Everything in the listing below except the pictures should be reproduced exactly.

## Given information:
----

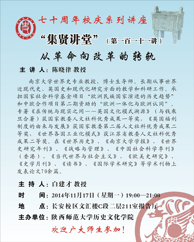 讲座题目:迎70周年校庆系列学术讲座之集贤讲堂111讲:从革命向改革的转轨
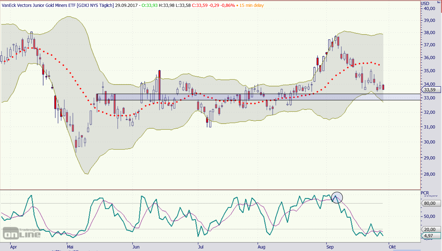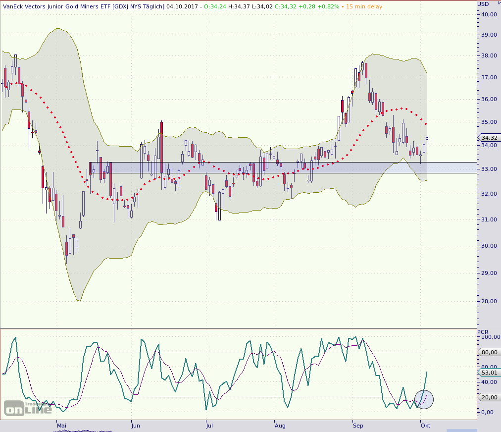 Kaufsignal beim GDXJ, der Momentumindikator ist über 50 gestiegen.
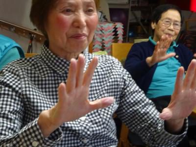 みんなで声を出し手指の体操ですわーい (嬉しい顔)
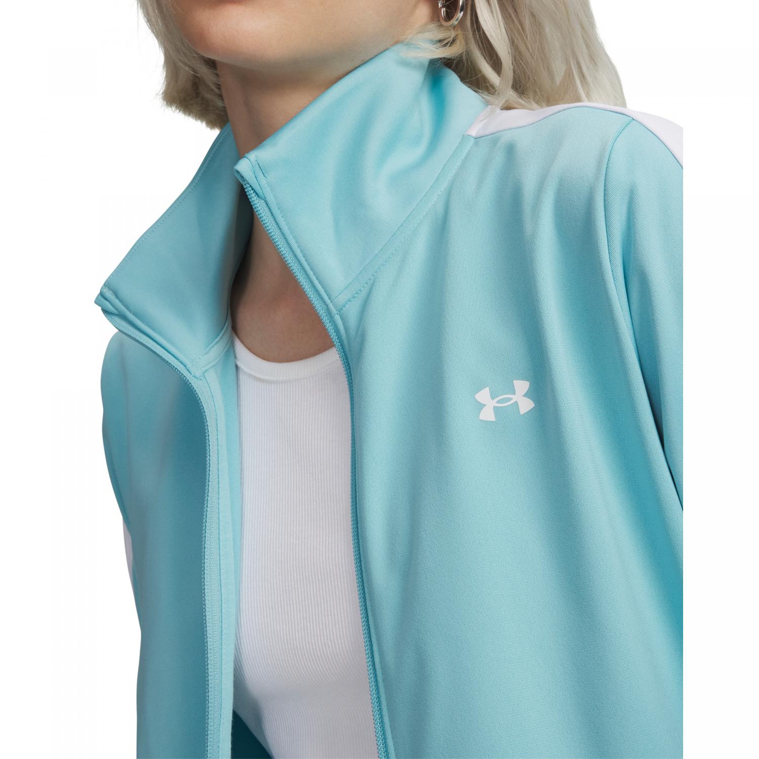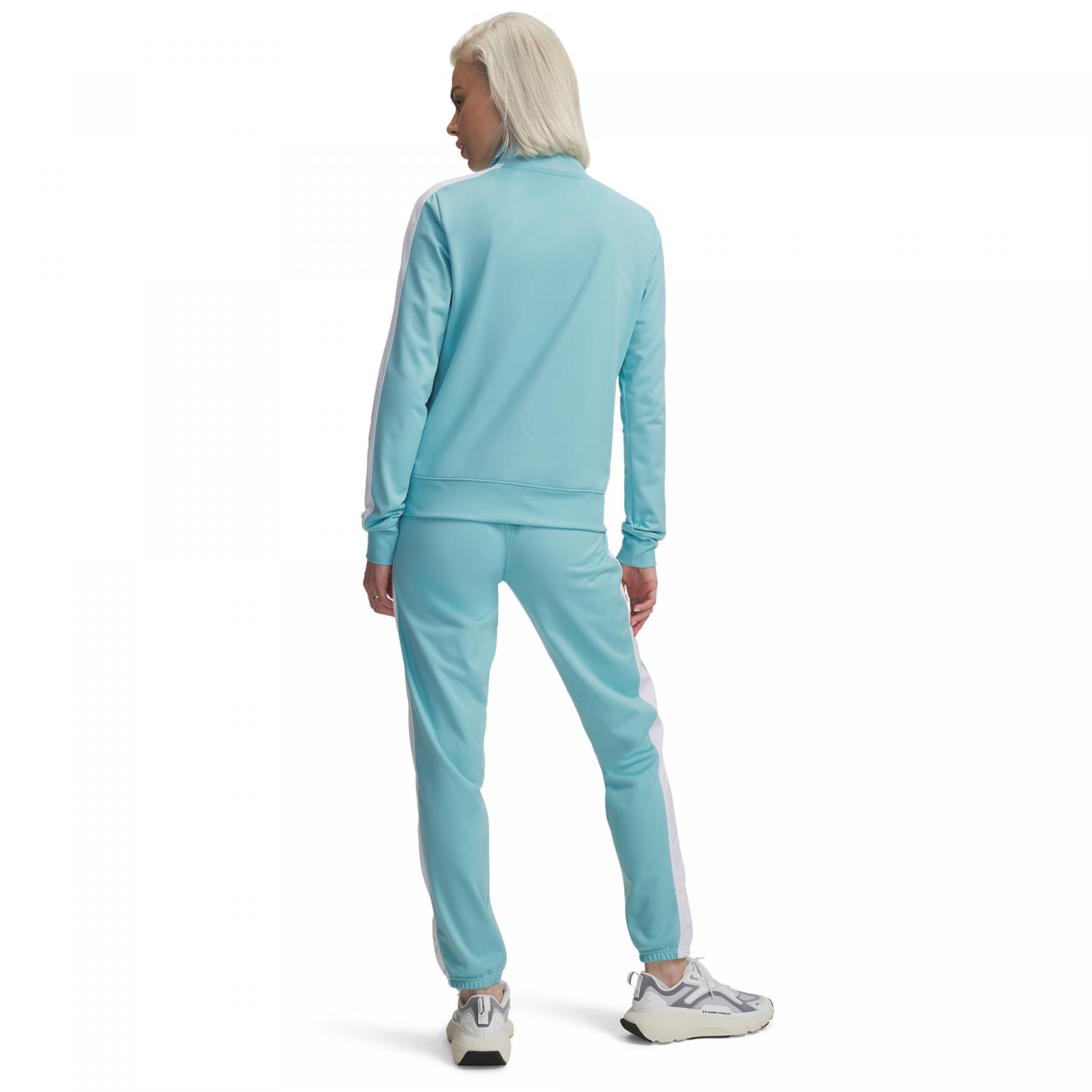 Under Armour Damen Trainingsanzug Tricot Tracksuit. Ein Trainingsanzug wie gemacht für dein Workout. Er ist leicht, aber trotzdem warm, er dehnt sich, damit du dich bewegen kannst, und ist atmungsaktiv, wenn dein Körper wärmer wird. Material: 100% Polyester.

----

## Answer space:
 讲座题目:迎70周年校庆系列学术讲座之集贤讲堂111讲:从革命向改革的转轨
 Kaufsignal beim GDXJ, der Momentumindikator ist über 50 gestiegen.
 みんなで声を出し手指の体操ですわーい (嬉しい顔)
 Under Armour Damen Trainingsanzug Tricot Tracksuit. Ein Trainingsanzug wie gemacht für dein Workout. Er ist leicht, aber trotzdem warm, er dehnt sich, damit du dich bewegen kannst, und ist atmungsaktiv, wenn dein Körper wärmer wird. Material: 100% Polyester.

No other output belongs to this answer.